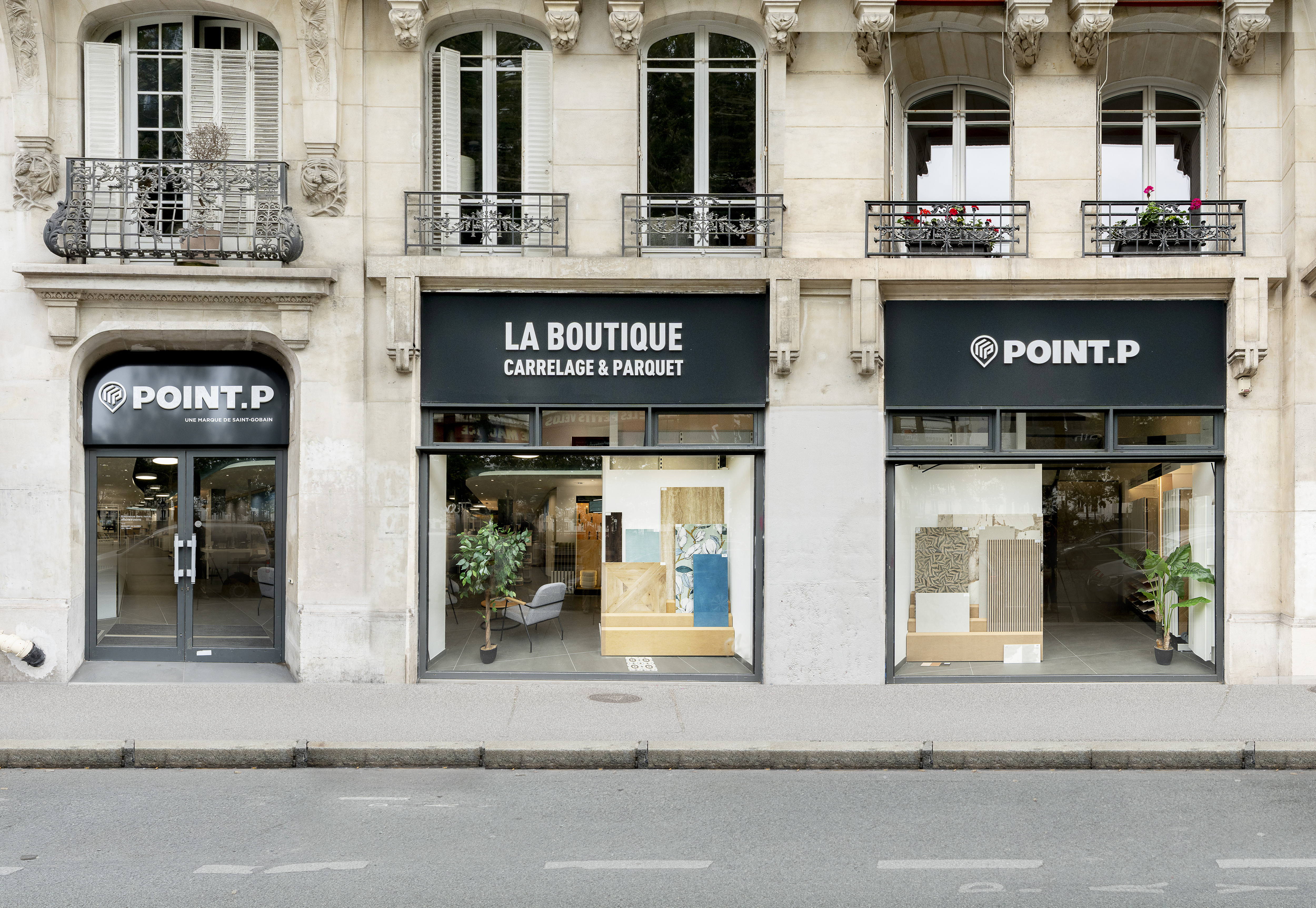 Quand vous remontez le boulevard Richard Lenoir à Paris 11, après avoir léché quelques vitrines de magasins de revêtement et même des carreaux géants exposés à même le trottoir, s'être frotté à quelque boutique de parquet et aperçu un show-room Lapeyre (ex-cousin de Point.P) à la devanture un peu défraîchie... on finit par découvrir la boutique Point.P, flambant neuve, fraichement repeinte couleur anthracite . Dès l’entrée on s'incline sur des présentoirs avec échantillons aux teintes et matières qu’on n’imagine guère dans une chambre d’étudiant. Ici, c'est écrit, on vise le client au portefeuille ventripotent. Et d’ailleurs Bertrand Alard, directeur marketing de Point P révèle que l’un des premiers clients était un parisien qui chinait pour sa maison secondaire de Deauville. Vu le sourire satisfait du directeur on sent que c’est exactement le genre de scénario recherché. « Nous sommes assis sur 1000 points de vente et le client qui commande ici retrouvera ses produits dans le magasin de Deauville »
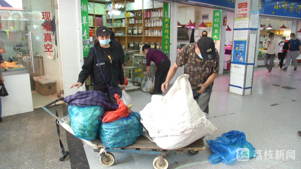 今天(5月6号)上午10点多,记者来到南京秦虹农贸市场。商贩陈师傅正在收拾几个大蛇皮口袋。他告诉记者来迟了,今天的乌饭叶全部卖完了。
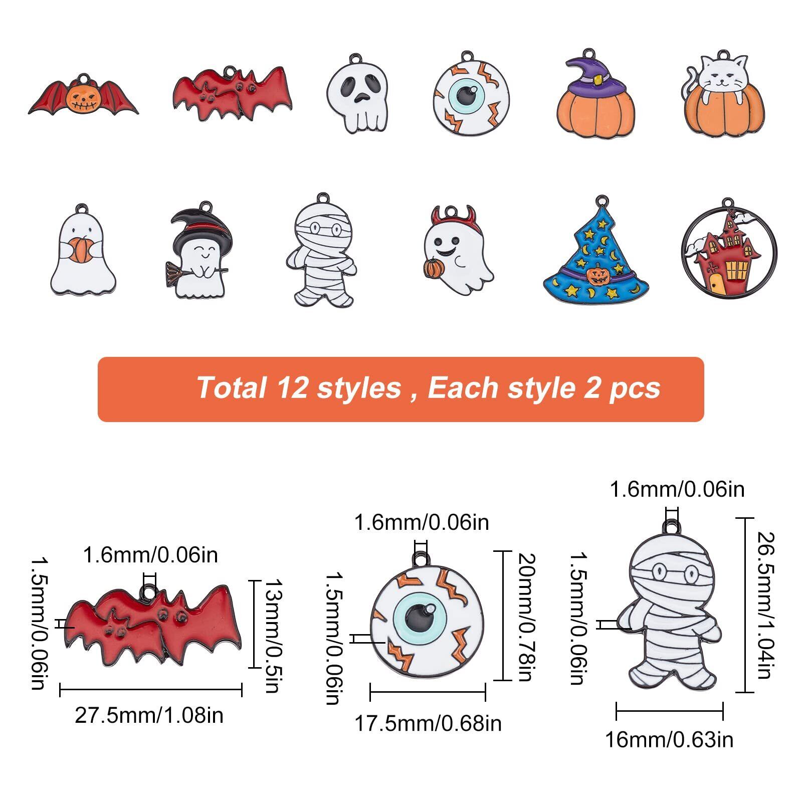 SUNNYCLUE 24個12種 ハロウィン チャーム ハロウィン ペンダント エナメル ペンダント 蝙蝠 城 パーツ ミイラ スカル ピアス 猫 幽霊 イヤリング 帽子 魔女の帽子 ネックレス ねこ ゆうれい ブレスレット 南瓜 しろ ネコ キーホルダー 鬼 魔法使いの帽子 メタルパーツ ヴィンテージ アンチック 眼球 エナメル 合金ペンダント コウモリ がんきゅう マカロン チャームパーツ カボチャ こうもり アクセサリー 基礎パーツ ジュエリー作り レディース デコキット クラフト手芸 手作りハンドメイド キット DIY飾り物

__Work instruction__
Return the complete material exactly as it appears, without images.

__Result__
 Quand vous remontez le boulevard Richard Lenoir à Paris 11, après avoir léché quelques vitrines de magasins de revêtement et même des carreaux géants exposés à même le trottoir, s'être frotté à quelque boutique de parquet et aperçu un show-room Lapeyre (ex-cousin de Point.P) à la devanture un peu défraîchie... on finit par découvrir la boutique Point.P, flambant neuve, fraichement repeinte couleur anthracite . Dès l’entrée on s'incline sur des présentoirs avec échantillons aux teintes et matières qu’on n’imagine guère dans une chambre d’étudiant. Ici, c'est écrit, on vise le client au portefeuille ventripotent. Et d’ailleurs Bertrand Alard, directeur marketing de Point P révèle que l’un des premiers clients était un parisien qui chinait pour sa maison secondaire de Deauville. Vu le sourire satisfait du directeur on sent que c’est exactement le genre de scénario recherché. « Nous sommes assis sur 1000 points de vente et le client qui commande ici retrouvera ses produits dans le magasin de Deauville »
 今天(5月6号)上午10点多,记者来到南京秦虹农贸市场。商贩陈师傅正在收拾几个大蛇皮口袋。他告诉记者来迟了,今天的乌饭叶全部卖完了。
 SUNNYCLUE 24個12種 ハロウィン チャーム ハロウィン ペンダント エナメル ペンダント 蝙蝠 城 パーツ ミイラ スカル ピアス 猫 幽霊 イヤリング 帽子 魔女の帽子 ネックレス ねこ ゆうれい ブレスレット 南瓜 しろ ネコ キーホルダー 鬼 魔法使いの帽子 メタルパーツ ヴィンテージ アンチック 眼球 エナメル 合金ペンダント コウモリ がんきゅう マカロン チャームパーツ カボチャ こうもり アクセサリー 基礎パーツ ジュエリー作り レディース デコキット クラフト手芸 手作りハンドメイド キット DIY飾り物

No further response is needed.